## SUPPLIED DATA
****************

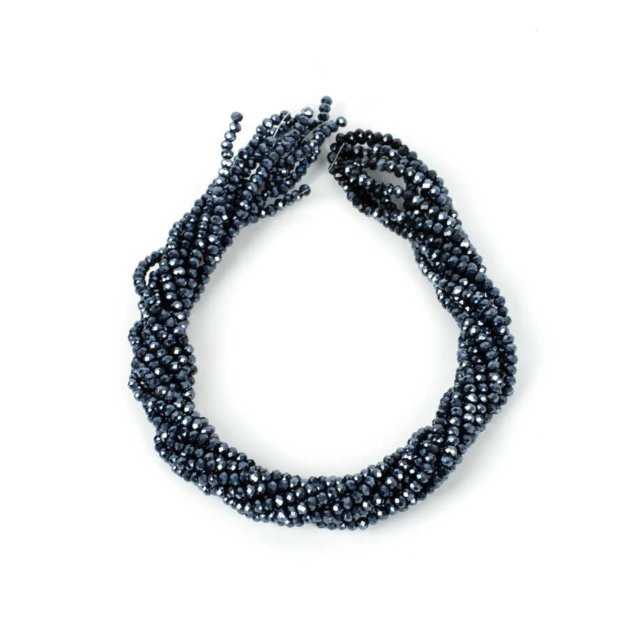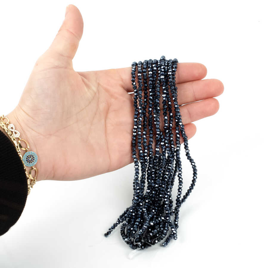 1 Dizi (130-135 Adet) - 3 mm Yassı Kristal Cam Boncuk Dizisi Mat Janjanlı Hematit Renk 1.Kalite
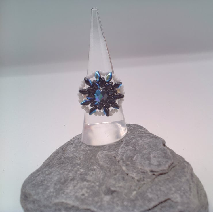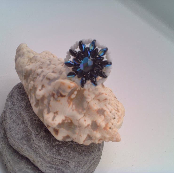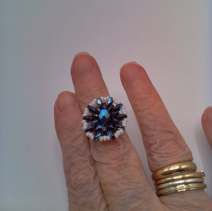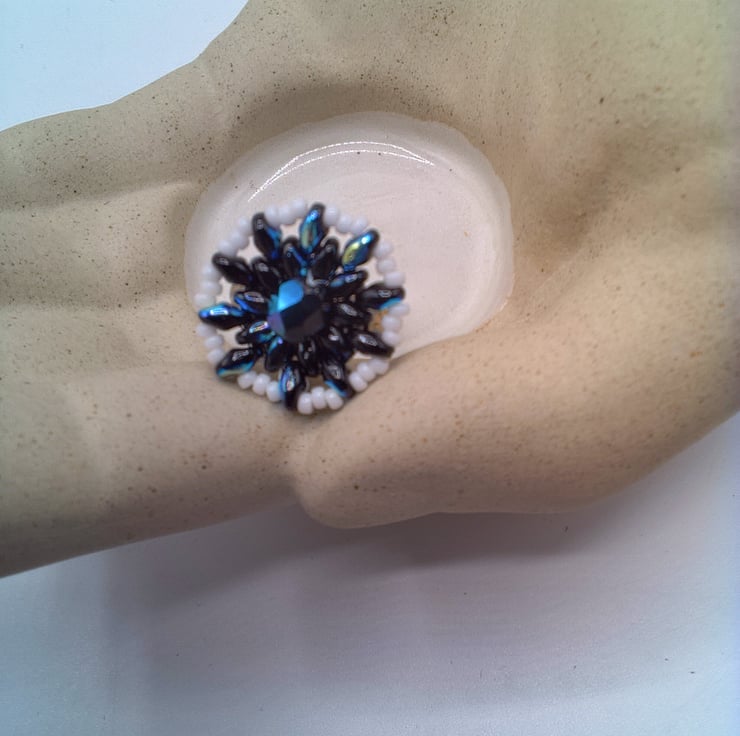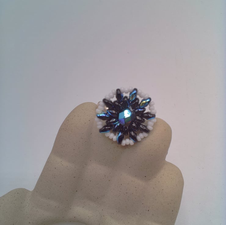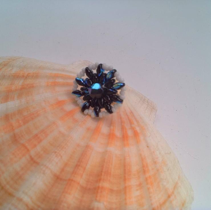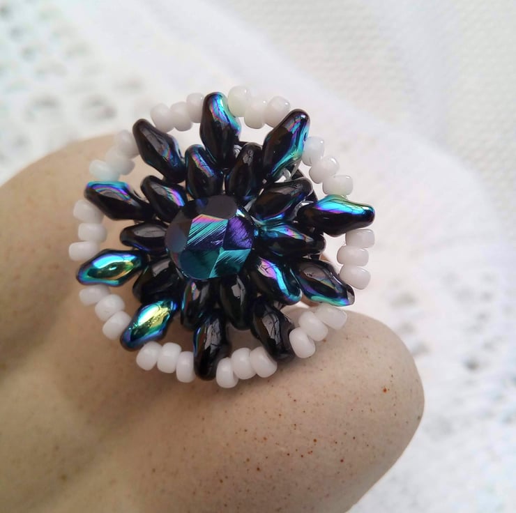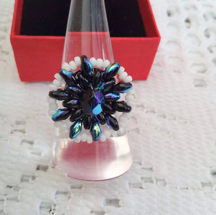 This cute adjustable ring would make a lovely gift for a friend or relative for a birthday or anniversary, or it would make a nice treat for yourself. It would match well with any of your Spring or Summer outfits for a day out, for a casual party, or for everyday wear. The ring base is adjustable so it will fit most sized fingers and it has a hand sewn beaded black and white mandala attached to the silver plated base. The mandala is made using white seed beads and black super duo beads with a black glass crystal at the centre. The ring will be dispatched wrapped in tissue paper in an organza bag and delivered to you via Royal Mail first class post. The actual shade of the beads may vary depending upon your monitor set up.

****************

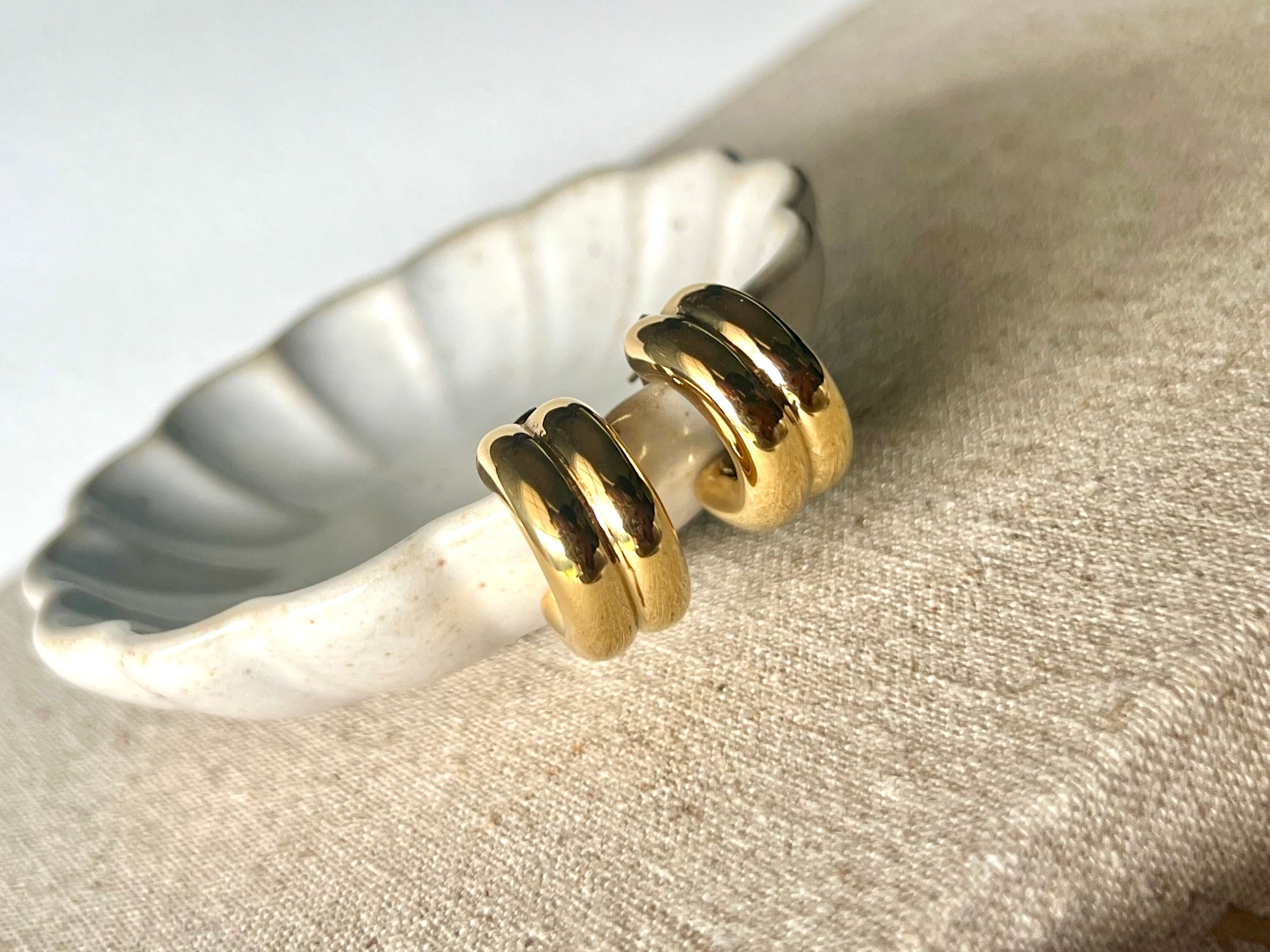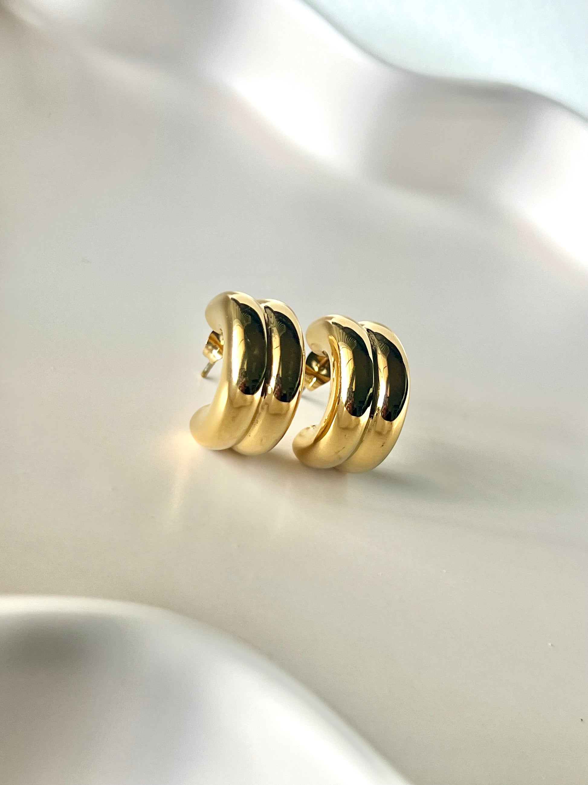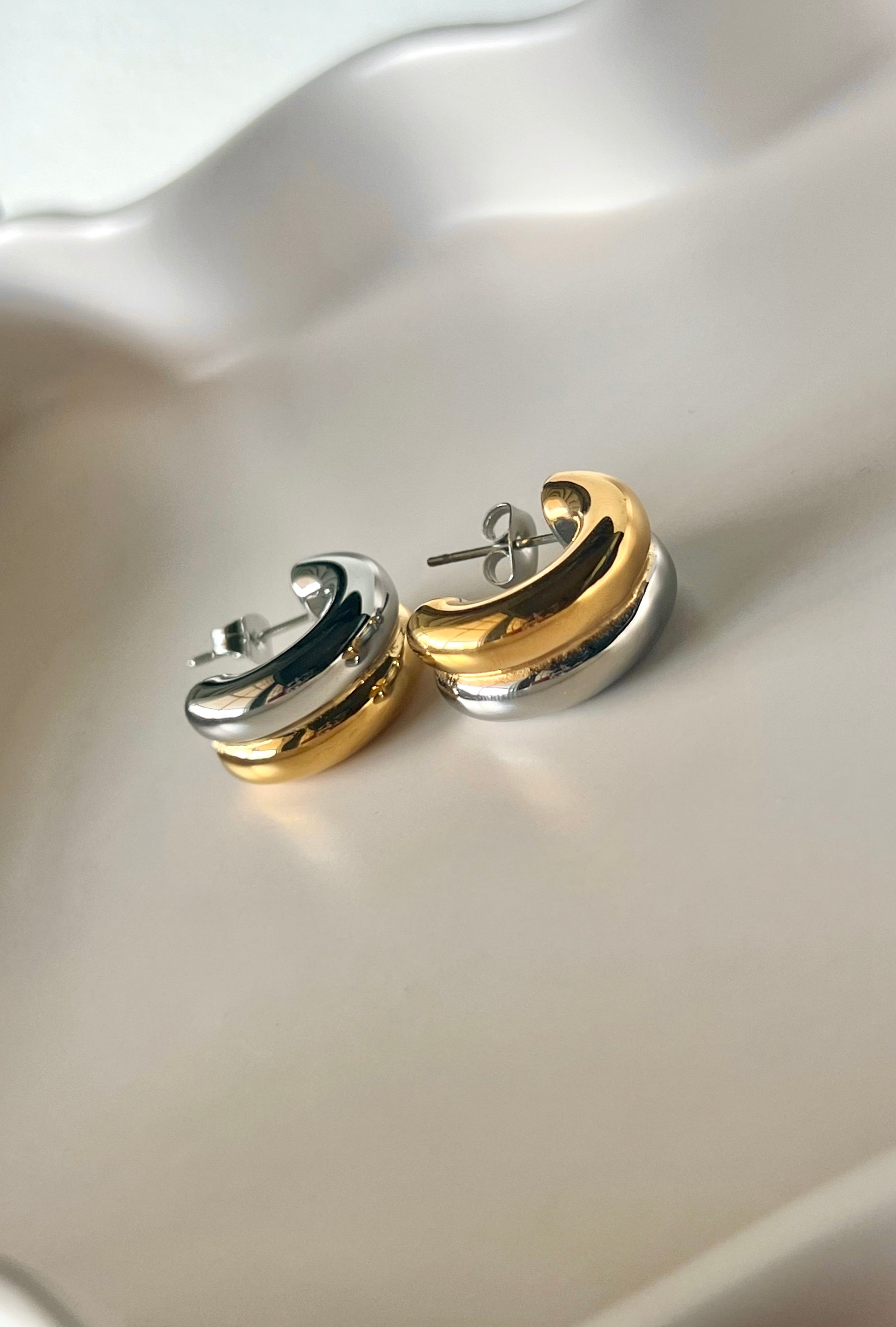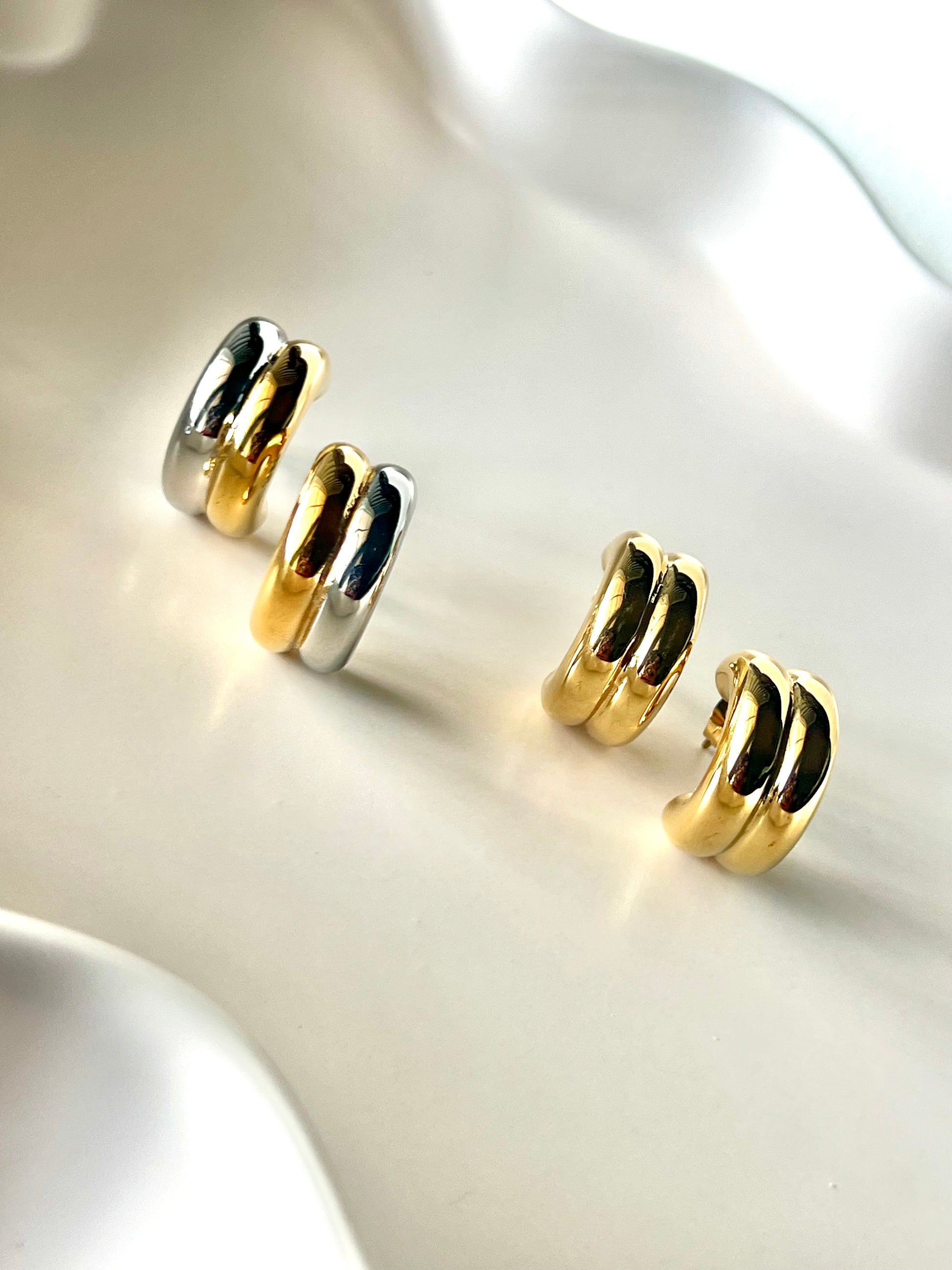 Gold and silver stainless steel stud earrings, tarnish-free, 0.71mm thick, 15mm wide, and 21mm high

****************

## TASK ITEM
Between and including the line above that contains "1 Dizi (130-135" and the line that contains "This cute adjustable", restate every line word for word. Pictures stay out.

## ANSWER BELOW
 1 Dizi (130-135 Adet) - 3 mm Yassı Kristal Cam Boncuk Dizisi Mat Janjanlı Hematit Renk 1.Kalite
 This cute adjustable ring would make a lovely gift for a friend or relative for a birthday or anniversary, or it would make a nice treat for yourself. It would match well with any of your Spring or Summer outfits for a day out, for a casual party, or for everyday wear. The ring base is adjustable so it will fit most sized fingers and it has a hand sewn beaded black and white mandala attached to the silver plated base. The mandala is made using white seed beads and black super duo beads with a black glass crystal at the centre. The ring will be dispatched wrapped in tissue paper in an organza bag and delivered to you via Royal Mail first class post. The actual shade of the beads may vary depending upon your monitor set up.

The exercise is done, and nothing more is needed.